Taken together, these dynamics are forcing a re-thinking of what it means to be a utility in the current economy. The traditional model, passive demand forecasting, reactive infrastructure buildout, and a captive customer base, is giving way to an increasingly risk-exposed business. Utilities that succeed in this environment will be those that proactively shape demand, build strategic ecosystems that attract hyperscaler commitment, and differentiate on speed, capability, and coordination. IPPs face a related but distinct set of pressures. While their business models are largely unchanged by digital infrastructure, their exposure to offtaker concentration, PPA structure risk, and capital markets has increased substantially.

The Marsh perspective

This is an environment that demands more than capital and ambition. It requires integrated expertise across risk quantification, transaction structuring, regulatory strategy, workforce transformation, and balance-sheet management, applied simultaneously, not sequentially.

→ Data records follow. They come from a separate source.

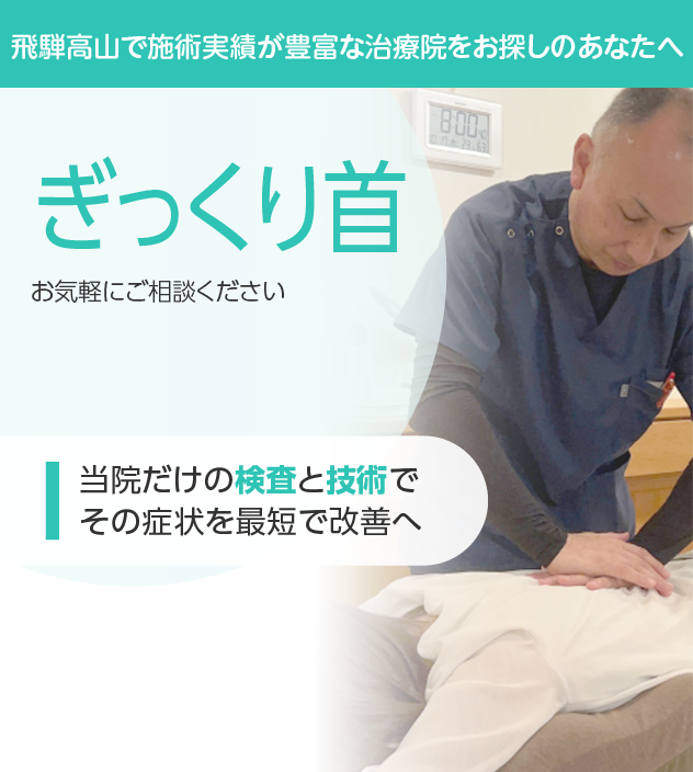 その上で、一人一人の状態に合わせた完全オーダーメイドの治療を提供します。やさしく丁寧な施術で、とてもソフトなタッチのため痛みはありません。患者に負担の少ない治療は地元高山以外の50キロ以上離れた地区からも通院する人がいるほどです。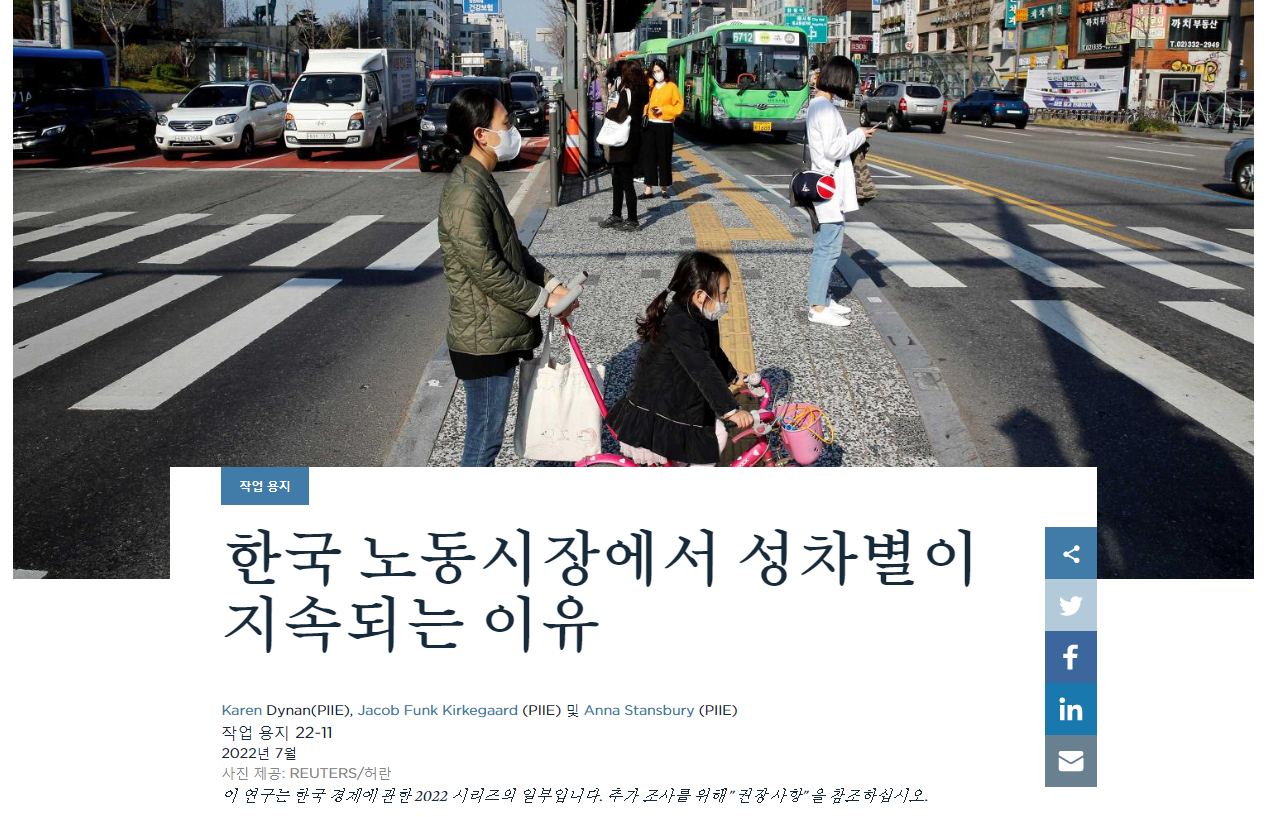 피터슨 국제경제연구소(PIIE) 워킹 페이퍼“젠더 격차의 원인과 영향을 이해하는 것이 한국의 단기뿐 아니라 장기 경제 전망의 핵심(central)이다”라고 시작합니다. 총 42쪽으로 구성된 보고서 다운로드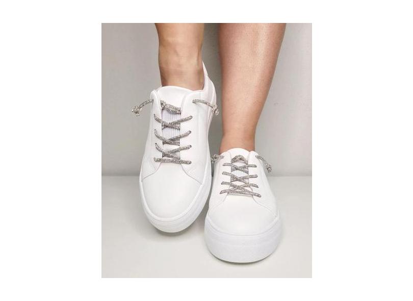 Tênis Feminino Casual Com Cadarço De Strass - Bebecê - Branco / Brilho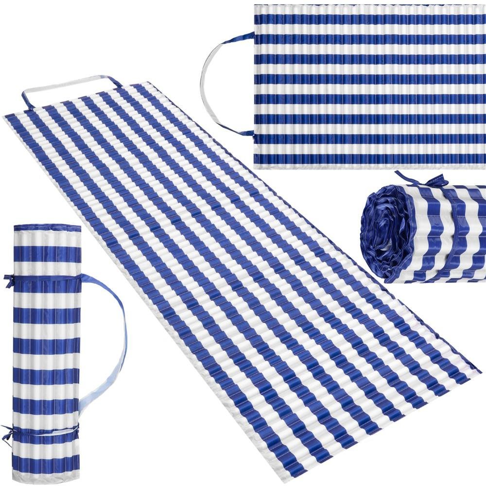 Saltea plaja pliabila din spuma EPE, cu maner si prindere, 180x60x1 cm, albastru cu dungi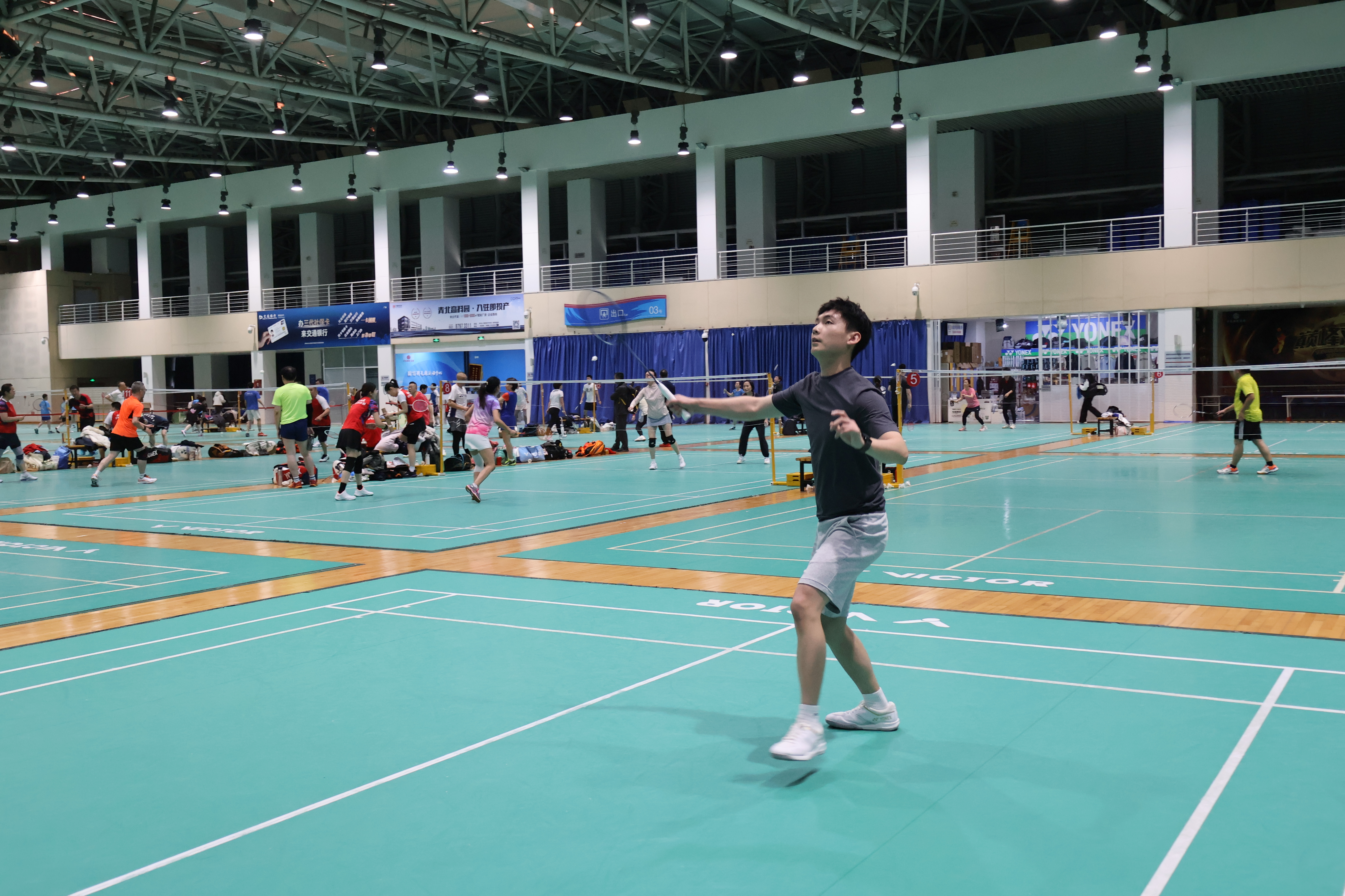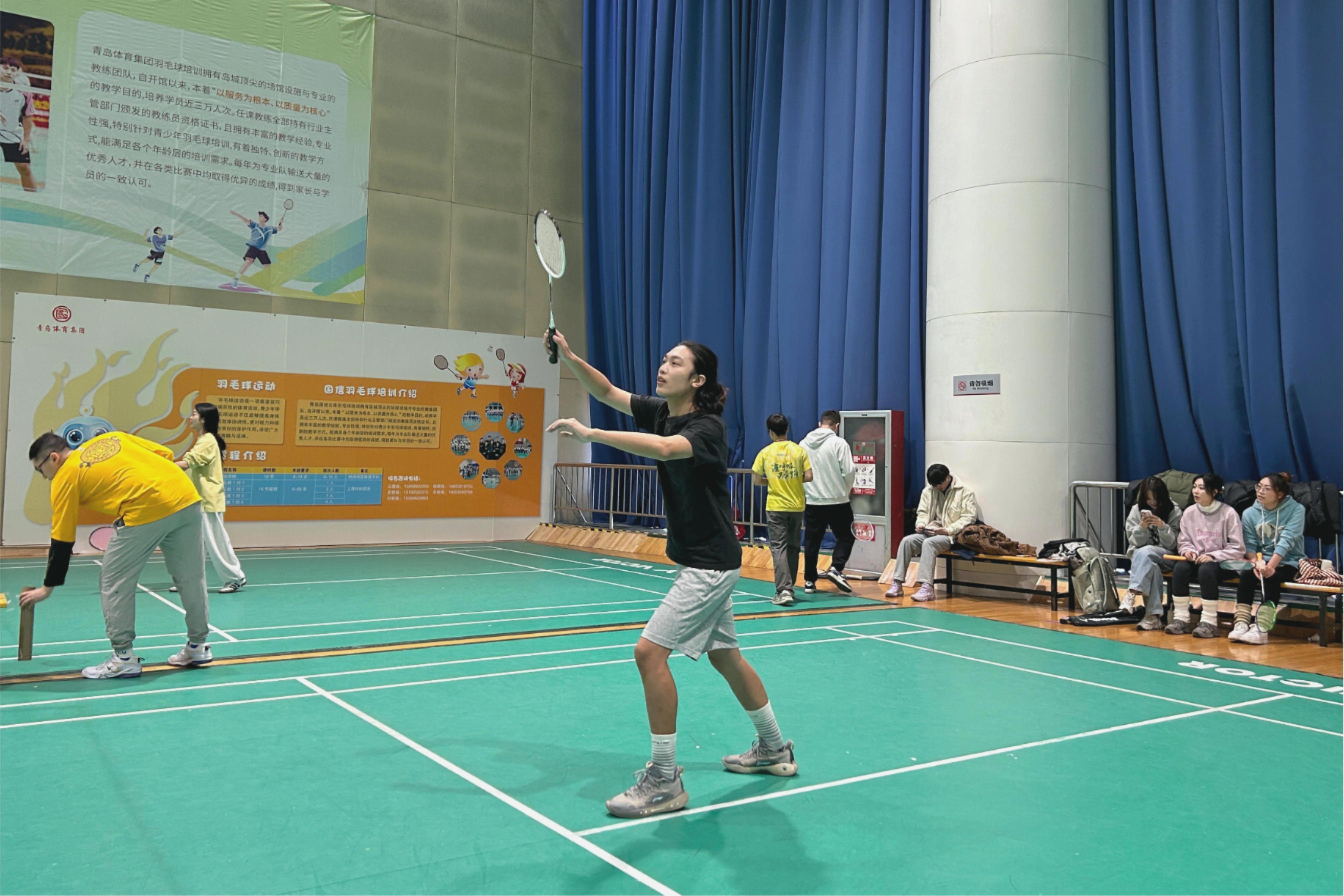 在青岛国信体育中心羽毛球馆举办“大角牛杯” 研究生羽毛球赛。本次活动共设男单、女单两个比赛项目及男女自由组合双打娱乐项目。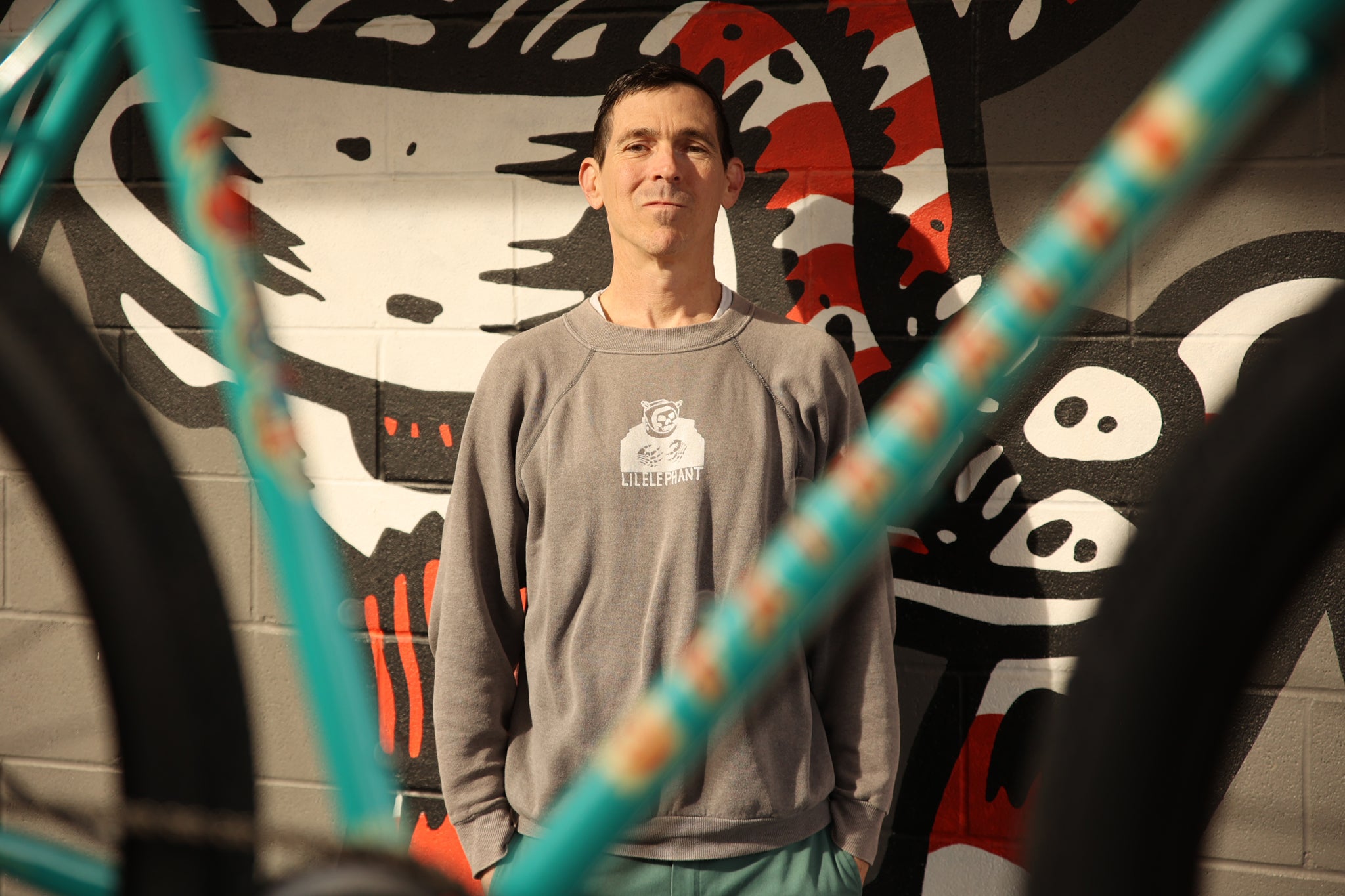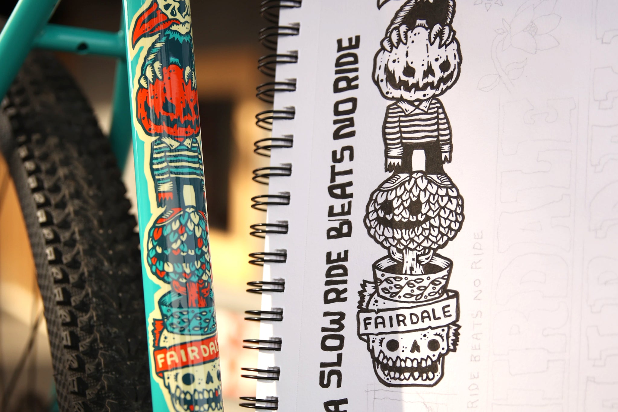 Now, 25-ish years later, I get to work with Michael again. This time, he turned our Weekender Nomad MX model into an artist bike. The bike is one of our favorite models, and it means a lot to us. The Weekender line is what Fairdale is all about–a bike that cycling nerds like us and our friends who maybe haven't spent their lives obsessing over bikes all love to ride. Adorned with original Michael Sieben art, this deluxe Weekender MX artist model is extra super special.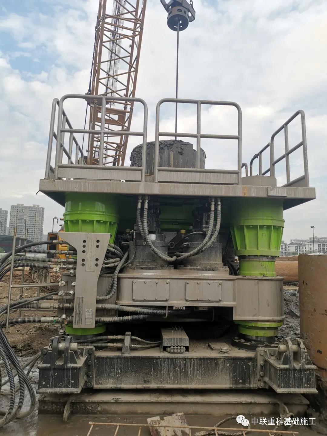 此次杭州項(xiàng)目工地臨近地鐵,周邊居民小區(qū)眾多,對(duì)施工設(shè)備的降噪標(biāo)準(zhǔn)有著非常高的要求,且該項(xiàng)目工況極為復(fù)雜——該樁長較長,且成樁過程中需穿越溶洞、巖層、流沙層等復(fù)雜地層進(jìn)行地下灌注樁施工,若采用傳統(tǒng)施工工藝則難度較大,安全風(fēng)險(xiǎn)較高。項(xiàng)目施工方綜合考慮,**終決定使用中聯(lián)重科全回轉(zhuǎn)鉆機(jī)進(jìn)行一次性全套管跟進(jìn)來實(shí)現(xiàn)成孔成樁。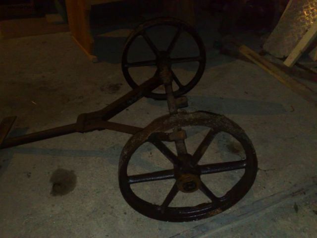 Witam, przedmiot wydobyty przy rzece Odra(opolszczyzna).Rozstaw pomiędzy kołami około 65cm. Koła wyglądają na odlew. Dziękuje za ewentualną pomoc w identyfikacji.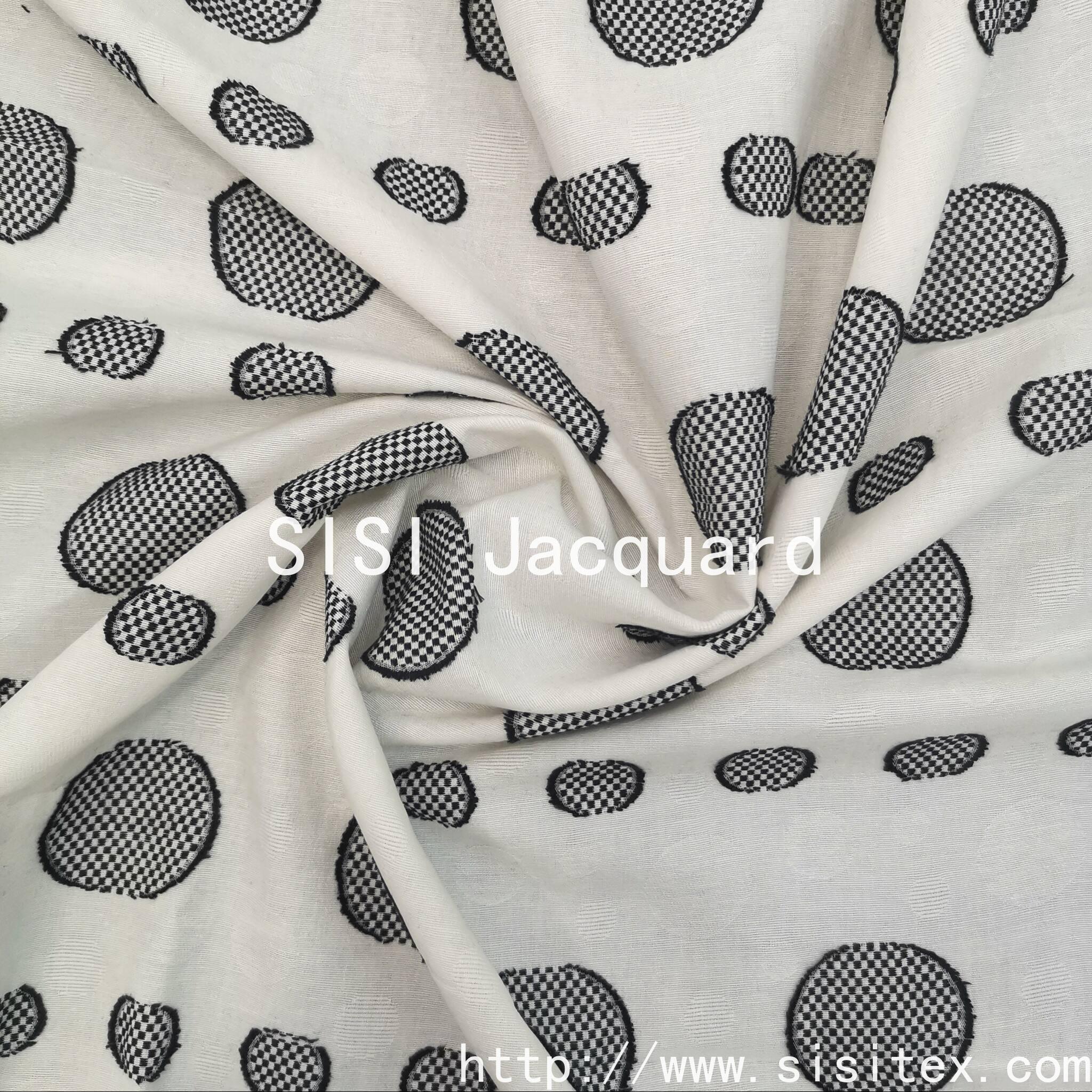 SIS woven blended jacquard cutting fabric, selected 73% cotton, 11% polyester, 16% hemp natural blend material, combined with woven technology and three-dimensional jacquard cutting design, to create a distinct layer of "big and small circle" texture. The soft and breathable cotton, the natural crisp of hemp and the wear-resistant and anti-wrinkle of polyester are perfectly integrated, which not only retains the natural texture, but also improves the practical performance, giving the fabric unique artistic expression and functionality.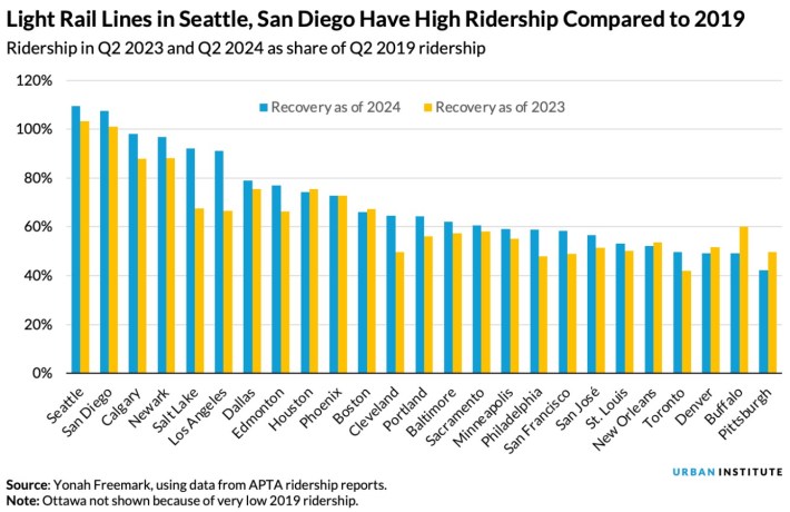 Light rail ridership recovery has been stronger than heavy rail. For September Metro notes that ridership is up significantly on all of its light rail lines (year-over-year comparing September 2024 to 2023):

Marsh’s global risk advisory and insurance capabilities address the physical and financial exposures that accompany large-scale infrastructure development. Marsh Risk brings dedicated capabilities in quantifying and transferring the complex liability profiles that emerge when long-duration capital commitments meet fast-moving market conditions. Oliver Wyman assists with the strategic and analytical foundation — on business model transformation, demand uncertainty, and counterparty risk, assessing whether an opportunity is genuinely value-accretive or simply capital-intensive. Guy Carpenter brings reinsurance market access and risk transfer structuring for portfolios growing rapidly in both scale and complexity. And Mercer supports the workforce and organisational transformation that utilities must undertake to compete for the next generation of energy demand.

Digital infrastructure opportunities will define the trajectory of the energy sector for the next decade. But the value it creates for shareholders, ratepayers, and the broader economy will depend entirely on how well energy providers understand the risks they are taking on, and how effectively they manage them.